Segment Start: EXERCISE DATA

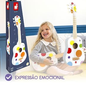Violão Instrumento Brinquedo Musical Infantil Branco Janod Para os pequenos fãs de música, este é um violão infantil de madeira equipado com 6 cordas de metal para fazer de seu pequeno um verdadeiro roqueiro À partir dos 3 anos, os seus filhos poderão descobrir as diferentes sonoridades que esta guitarra pode oferecer e criar as suas próprias melodias. Muito leve e adaptado às mãos pequenas, será perfeito para acompanhar os mais pequenos que o aproveitarão para cantar à flor da pele Prepare-se para seu primeiro show em seu quarto. Brinquedos musicais permitem que as crianças despertem seus sentidos e ganhem confiança. A coleção Confetti possui uma gama completa de brinquedos de instrumentos musicais com designs lindos Os brinquedos musicais Confetti permitem que os músicos mais jovens descubram as alegrias da improvisação musical.
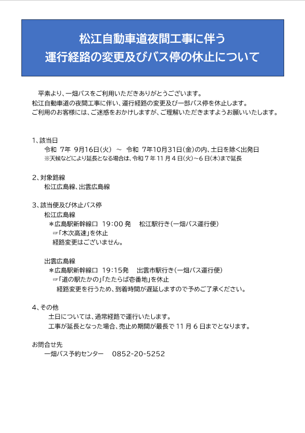 9/16~ 松江道夜間工事に伴う高速バス停の休止について
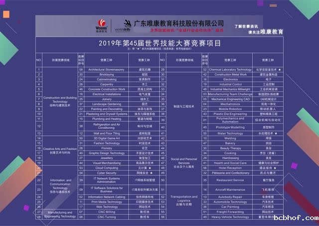 2019年第45届世界技能大赛将设立56个竞赛项目,其中新增5个竞赛项目分别为:云计算、网络安全、化学实验室技术、水处理技术、酒店接待。
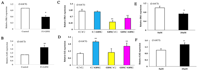 Figure 4: Dlk1, Gtl2 gene expression assessed by real-time quantitative PCR. In (A-B), Dlk1 and Gtl2 expression in placentae of F1-offspring on D18.5 (n=9 mice on for both F1-Control and F1-GDM offspring). In (C-D), Dlk1 and Gtl2 expression in placentae of F2-offspring on D18.5 (n=6 mice for every group of F2 offspring). In (E-F), Dlk1 and Gtl2 expression cultured in medium containing indicated concentrations of glucose of 24h (n=4 replicates/group) in at least three independent isolations. Data were analyzed with the Eq. 2-ΔΔCT, where ΔΔCT = ΔCT (treatment group) -ΔCT (control group), and ΔCT = ΔCT (sample) - ΔCT (internal control). The values were presented as relative expression levels of mRNA. In all panels, data are presented as mean ± SE, *P<0.05, **P<0.01. Significance was determined by Student t test in F1 offspring and ANOVA in F2 offspring.
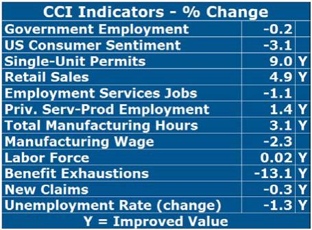 Retail Sales remained strong in May, rising by just under 5 percent compared to a year ago. This indicator has now improved for eleven of the last twelve months. Based on its recent performance, it is one of the strongest CCI indicators. Benefit Exhaustions, which reflects longer-term unemployment, improved at a double-digit rate in May (-13.1%), registering its second consecutive double-digit improvement.
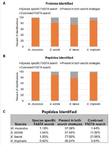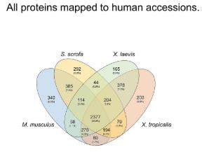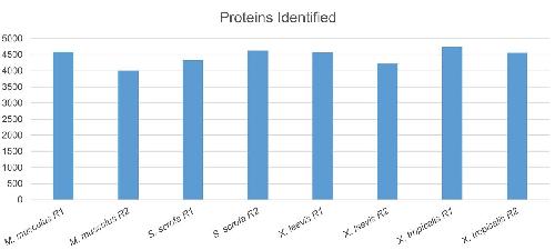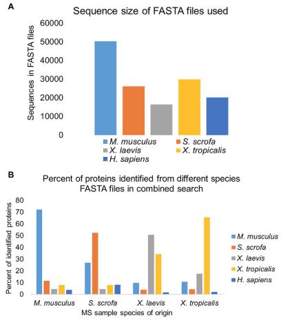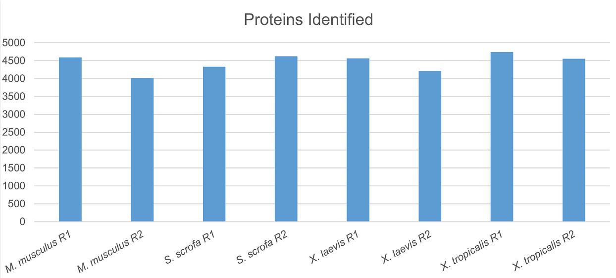 S3 Fig. Total proteins identified. (A) M. musculus, (B) S. scrofa, (C) X. laevis, and (D) X. tropicalis. |
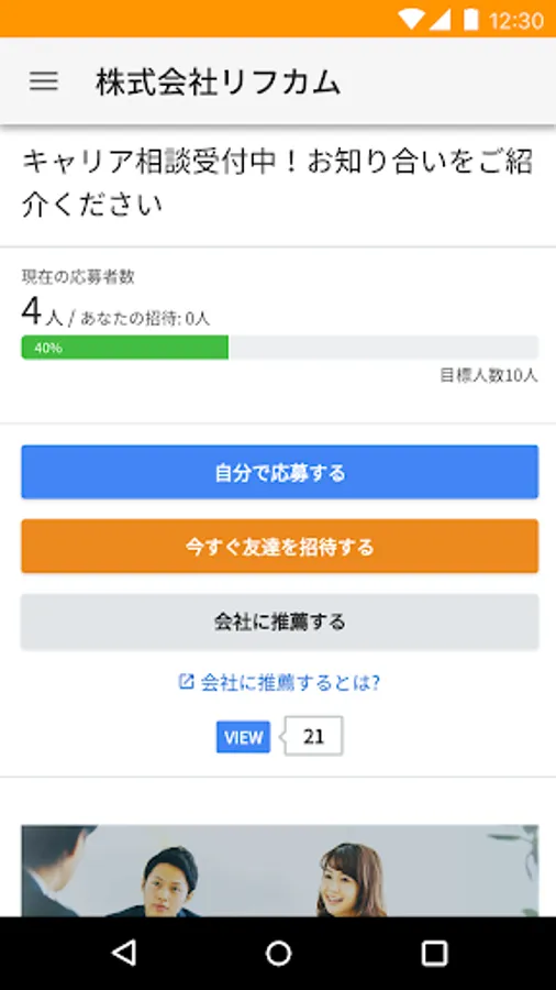 "Refcome" is an application that invites friends and acquaintances who want to work together and succeeds in recruiting referrals for all employees.
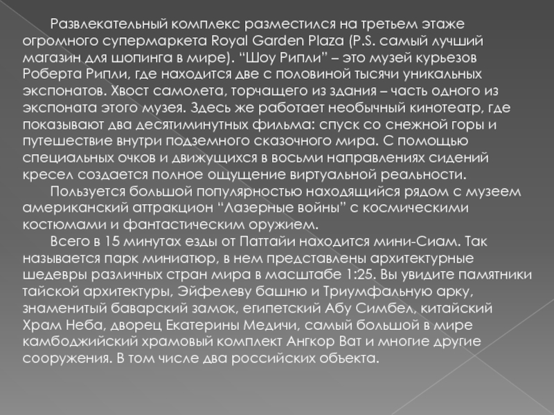 Слайд 43Развлекательный комплекс разместился на третьем этаже огромного супермаркета Royal Garden Plaza
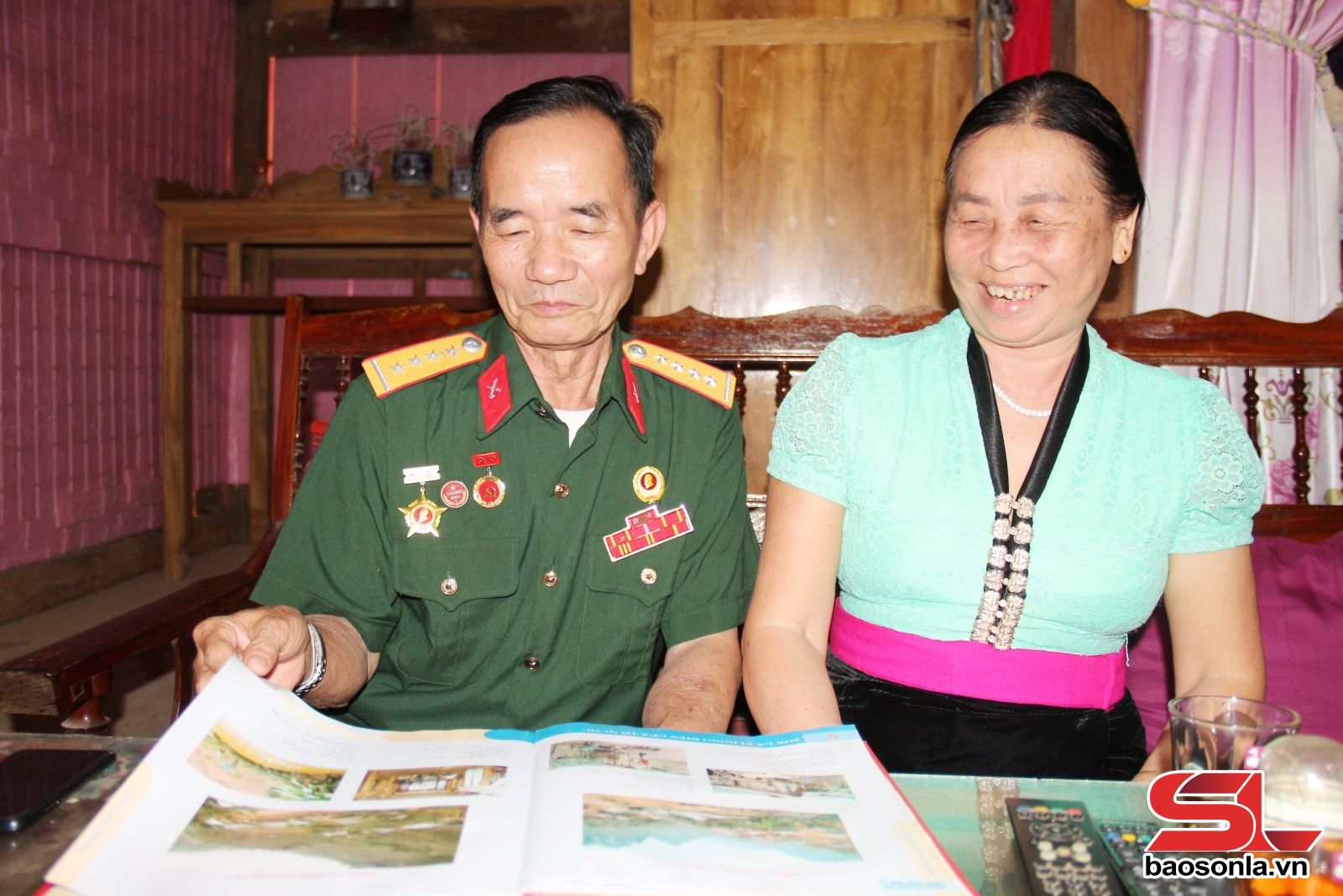 Cựu chiến binh Lò Hồng Sơn, xã Quỳnh Nhai cùng vợ ngắm lại những bức ảnh kỷ niệm.

Segment End: EXERCISE DATA

### WORK REQUEST:
Above are some records. Reproduce the lines from the one with "9/16~ 松江道夜間工事に伴う高速バス停の休止について" down to the one with "2019年第45届世界技能大", keeping both, and leave every picture out.

### RESPONSE:
 9/16~ 松江道夜間工事に伴う高速バス停の休止について
 2019年第45届世界技能大赛将设立56个竞赛项目,其中新增5个竞赛项目分别为:云计算、网络安全、化学实验室技术、水处理技术、酒店接待。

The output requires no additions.